WHAT TO WORK ON:
Look through the data below and output, unchanged, every line from the one holding "本案為86方三室兩廳設計,業" through the one holding "Shoppez les Nike", inclusive. Skip the pictures.

(Recorded data)
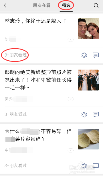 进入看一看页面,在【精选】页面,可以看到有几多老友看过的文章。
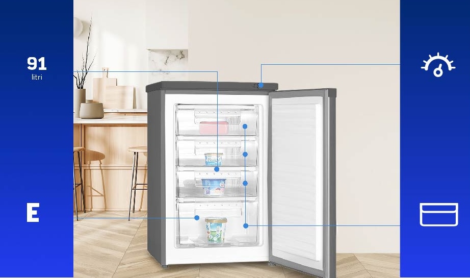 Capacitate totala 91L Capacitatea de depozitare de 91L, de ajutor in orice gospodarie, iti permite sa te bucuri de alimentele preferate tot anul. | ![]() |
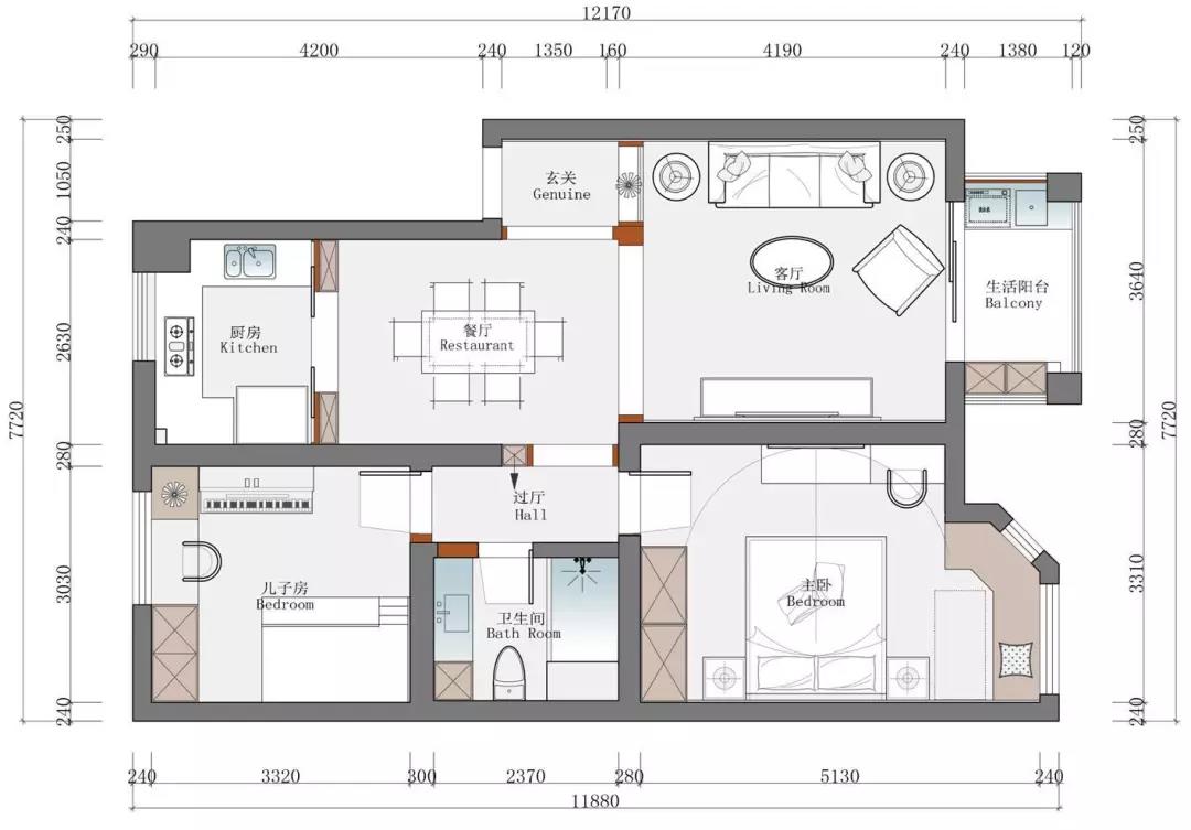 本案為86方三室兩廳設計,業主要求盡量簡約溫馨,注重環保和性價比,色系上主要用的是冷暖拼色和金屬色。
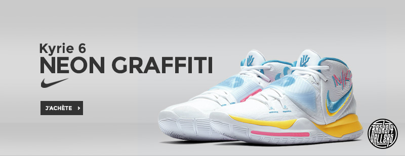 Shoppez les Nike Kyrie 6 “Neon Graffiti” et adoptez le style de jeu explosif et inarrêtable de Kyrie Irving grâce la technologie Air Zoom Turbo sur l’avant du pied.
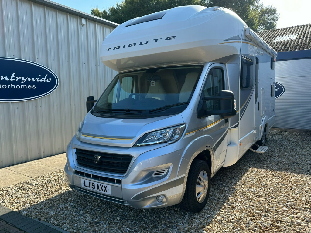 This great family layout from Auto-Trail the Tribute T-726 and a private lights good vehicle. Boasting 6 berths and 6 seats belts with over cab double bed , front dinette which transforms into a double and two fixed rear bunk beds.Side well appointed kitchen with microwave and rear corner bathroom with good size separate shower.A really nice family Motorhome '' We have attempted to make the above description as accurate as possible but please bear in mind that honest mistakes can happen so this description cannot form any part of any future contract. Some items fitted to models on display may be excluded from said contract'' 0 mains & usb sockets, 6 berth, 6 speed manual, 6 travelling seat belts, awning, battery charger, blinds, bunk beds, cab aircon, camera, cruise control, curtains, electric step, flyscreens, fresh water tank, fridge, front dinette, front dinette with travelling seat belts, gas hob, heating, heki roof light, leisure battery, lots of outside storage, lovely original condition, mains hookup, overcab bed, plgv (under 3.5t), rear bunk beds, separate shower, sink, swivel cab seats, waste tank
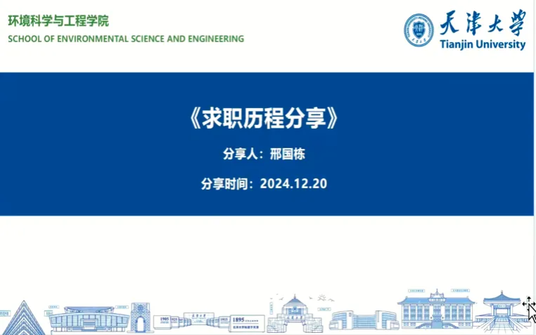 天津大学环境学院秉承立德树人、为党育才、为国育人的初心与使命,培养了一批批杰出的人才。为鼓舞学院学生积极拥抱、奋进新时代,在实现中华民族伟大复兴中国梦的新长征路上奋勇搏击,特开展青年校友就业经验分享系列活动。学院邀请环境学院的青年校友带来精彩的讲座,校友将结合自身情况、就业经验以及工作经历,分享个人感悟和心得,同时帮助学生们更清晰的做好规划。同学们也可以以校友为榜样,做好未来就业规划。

ANSWER BOX:
 本案為86方三室兩廳設計,業主要求盡量簡約溫馨,注重環保和性價比,色系上主要用的是冷暖拼色和金屬色。
 Shoppez les Nike Kyrie 6 “Neon Graffiti” et adoptez le style de jeu explosif et inarrêtable de Kyrie Irving grâce la technologie Air Zoom Turbo sur l’avant du pied.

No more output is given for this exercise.